Shadow and Light Read online




  SHADOW AND LIGHT

  JONATHAN RABB

  Sarah Crichton Books

  Farrar, Straus and Giroux

  New York

  Sarah Crichton Books

  Farrar, Straus and Giroux

  18 West 18th Street, New York 10011

  Copyright © 2009 by Jonathan Rabb

  All rights reserved

  Distributed in Canada by Douglas & McIntyre Ltd.

  Printed in the United States of America

  First edition, 2009

  Library of Congress Cataloging-in-Publication Data

  Rabb, Jonathan.

  Shadow and light / by Jonathan Rabb.—1st ed.

  p. cm.

  ISBN-13: 978-0-374-26194-8 (hardcover : alk. paper)

  ISBN-10: 0-374-26194-6 (hardcover : alk. paper)

  1. Police—Germany—Berlin—Fiction. 2. Motion picture producers and directors—Crimes against—Fiction. 3. Motion picture industry—Germany— Fiction. 4. Berlin (Germany)—History—1918–1945—Fiction. I. Title.

  PS3568.A215S53 2009

  813'.54—dc22

  2008045048

  Designed by Ralph Fowler/rlf design

  www.fsgbooks.com

  10 9 8 7 6 5 4 3 2 1

  FOR SUSANNAH AND JEREMY

  Table of Contents

  Title

  Copyright

  Dedication

  Chapter One

  Chapter Two

  Chapter Three

  Chapter Four

  Chapter Five

  Author’s Note

  Acknowledgments

  A Note About The Author

  SHADOW AND LIGHT

  CHAPTER ONE

  1927

  THEY SAY IT IS RARE to have good reason to leave Berlin. In the summer you have Wannsee, where the beaches are powdered and cool, and where for a few pfennigs even a clerk and his girl can manage a cabana for the day. The cold months bring the Ice Palast up near the Oranienburger Gate, or a quick trip out to Luna Park for the rides and amusements, where a bit of cocoa and schnapps can keep a family warm for the duration. And always there is that thickness of life in the east, where whiskey (if you’re lucky) and flesh (if not too old) play back and forth in a careless game of halfconscious decay. No reason, then, to leave the city with so much to keep a hand occupied.

  And yet she was empty—not truly empty, of course, but thin to the point of concern. A phenomenon had descended on Berlin in early February, something no one could control or predict. Naturally they could explain it, but only in the language of high science and complexity. For the rest, it was simply Weisserhimmel—white sky—days on end of a too-bright sun without the sense to generate a trace of heat. Every forty years or so, it came as a faint reminder of the city’s Nordic past, but history was not what Berliners chose to see. They were unnerved, their world made too clear, and so they left: businesses took unexpected holidays, schools indefinite recesses. It would all pass in a few days’ time, but in the meanwhile, only the stalwarts were keeping the city alive.

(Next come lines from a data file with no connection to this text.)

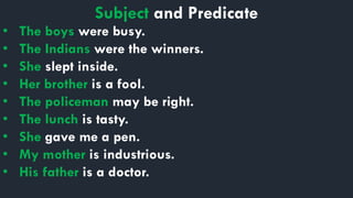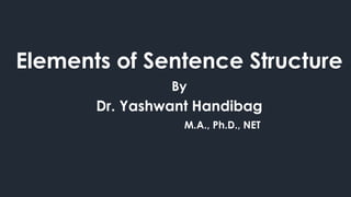 The document outlines key elements of sentence structure, focusing on subjects, verbs, objects, complements, and adverbials. It provides definitions and examples for each component, emphasizing their roles and relationships within sentences. The content serves as a foundational guide for understanding and constructing grammatically correct sentences.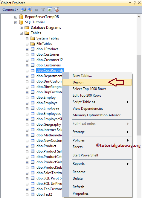 我们可以使用 Transact 查询和 Management Studio 创建默认约束。要使用 Management Studio 创建默认约束,请转到对象资源管理器。展开包含该表的数据库文件夹。请选择要创建的表(此处为 Custrecords),然后右键单击它将打开上下文菜单。请选择“设计”选项。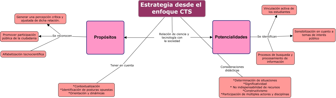 Este Cmap, tiene información relacionada con: Estrategia desde el enfoque CTS, Potencialidades Se identifican Procesos de busqueda y procesamiento de información, Estrategia desde el enfoque CTS Consideraciones didácticas *Determinación de situaciones *Significatividad * No indispensabilidad de recursos *Constructivismo *Participación de múltiples actores y disciplinas, Estrategia desde el enfoque CTS Relación de ciencia y tecnología con la sociedad Potencialidades, Estrategia desde el enfoque CTS Tener en cuenta *Contextualización *Identificación de posturas opuestas *Orientación y dinámicas, Propósitos Se reconocen Generar una percepción crítica y ajustada de dicha relación., Propósitos Se reconocen Alfabetización tecnocientífica, Potencialidades Se identifican Sensibilización en cuanto a temas de interés público, Propósitos Se reconocen Promover participación pública de la ciudadanía, Potencialidades Se identifican Vinculación activa de los estudiantes, Estrategia desde el enfoque CTS Relación de ciencia y tecnología con la sociedad Propósitos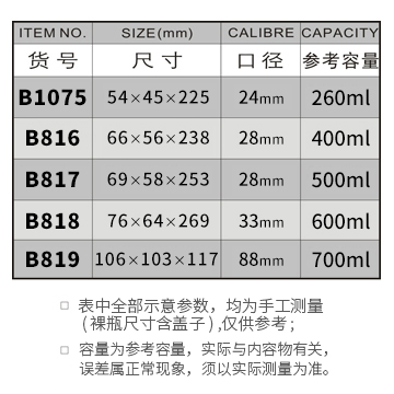 B1075-260ML/B816-400ML/B817-500ML/B818-600ML/B819-700ML

  Still, a few hours on the outskirts of town could do wonders. The sun might have been no less forgiving, but at least the surroundings were unfamiliar for a reason. Nonetheless, Nikolai Hoffner continued to glance into his rearview mirror as he drove. The Berlin he saw seemed compressed, small, her reflection strangely misleading. Even distance was doing little to help. He knew it best not to stare.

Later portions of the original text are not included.